-------- DATA SEGMENT

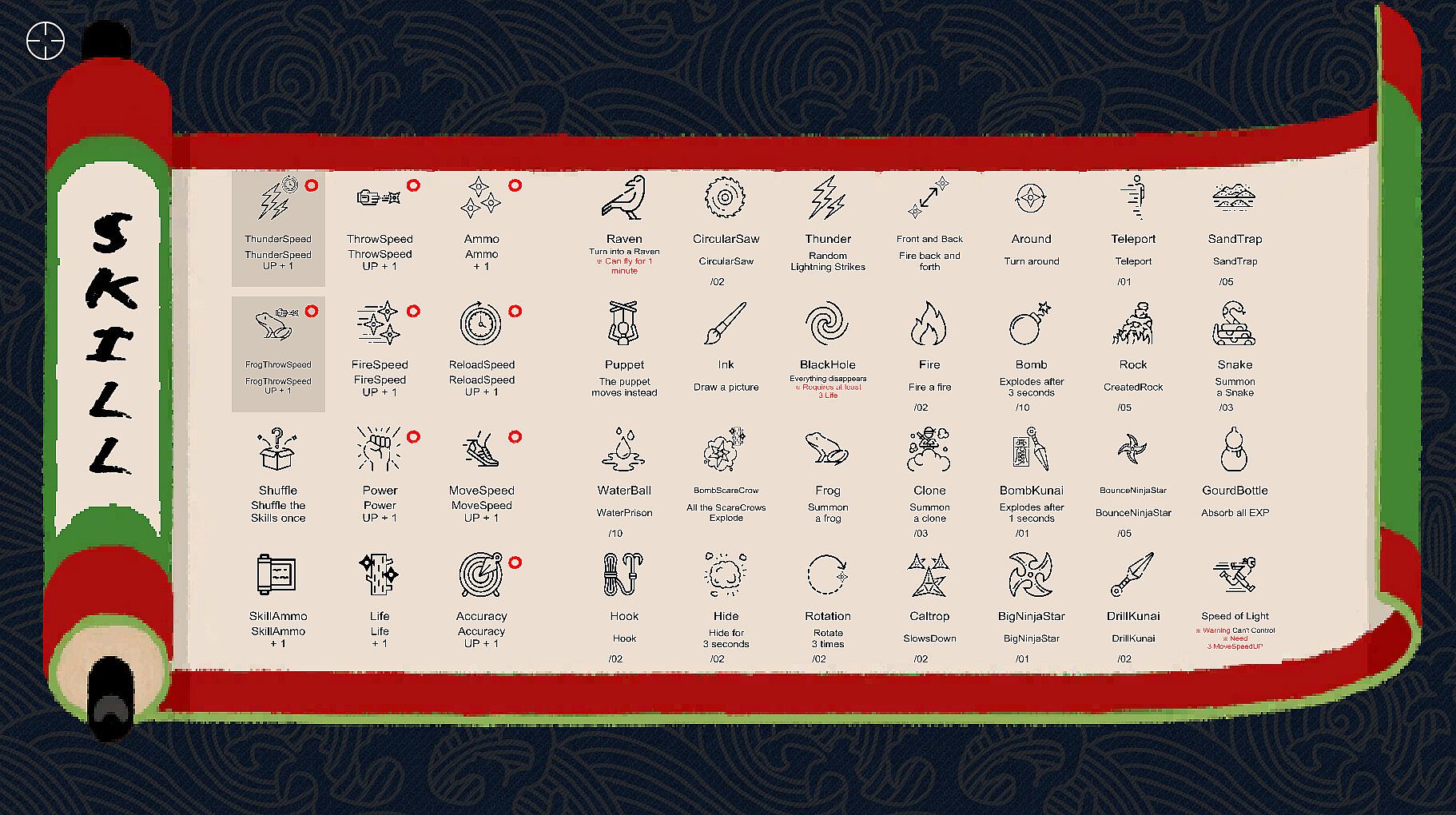 There are 40 different ninja skills. Each skill has its own characteristics and you need to use the ninja skill that suits the situation to survive.
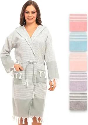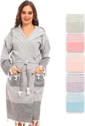 Bademantel aus Hamamtuch, Saunatuch, Sauna bademantel damen für ultimativen Luxus, mit Gürtel & Kapuze - Langform Frauen (S-M, Khaki)
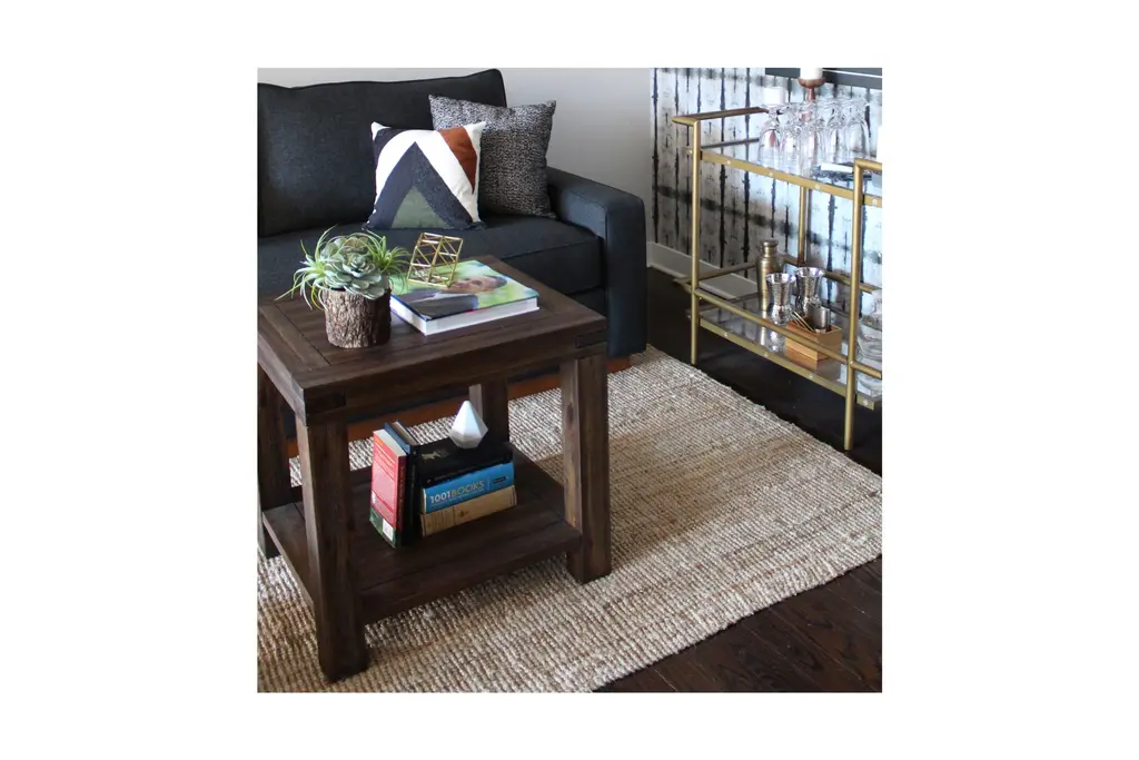 The Clifton Collection has a simple rustic charm to it, with solid Acacia wood and a sleek design. This piece features naturally occurring knot, grain, and color variants in the wood, with rustic wire brushing and a handsome Graphite or glazed Brick Brown finish.

----------------

PROBLEM TO SOLVE:
The whole listing above should be restated word for word, minus any images.

REPLY TO THE TASK:
 There are 40 different ninja skills. Each skill has its own characteristics and you need to use the ninja skill that suits the situation to survive.
 Bademantel aus Hamamtuch, Saunatuch, Sauna bademantel damen für ultimativen Luxus, mit Gürtel & Kapuze - Langform Frauen (S-M, Khaki)
 The Clifton Collection has a simple rustic charm to it, with solid Acacia wood and a sleek design. This piece features naturally occurring knot, grain, and color variants in the wood, with rustic wire brushing and a handsome Graphite or glazed Brick Brown finish.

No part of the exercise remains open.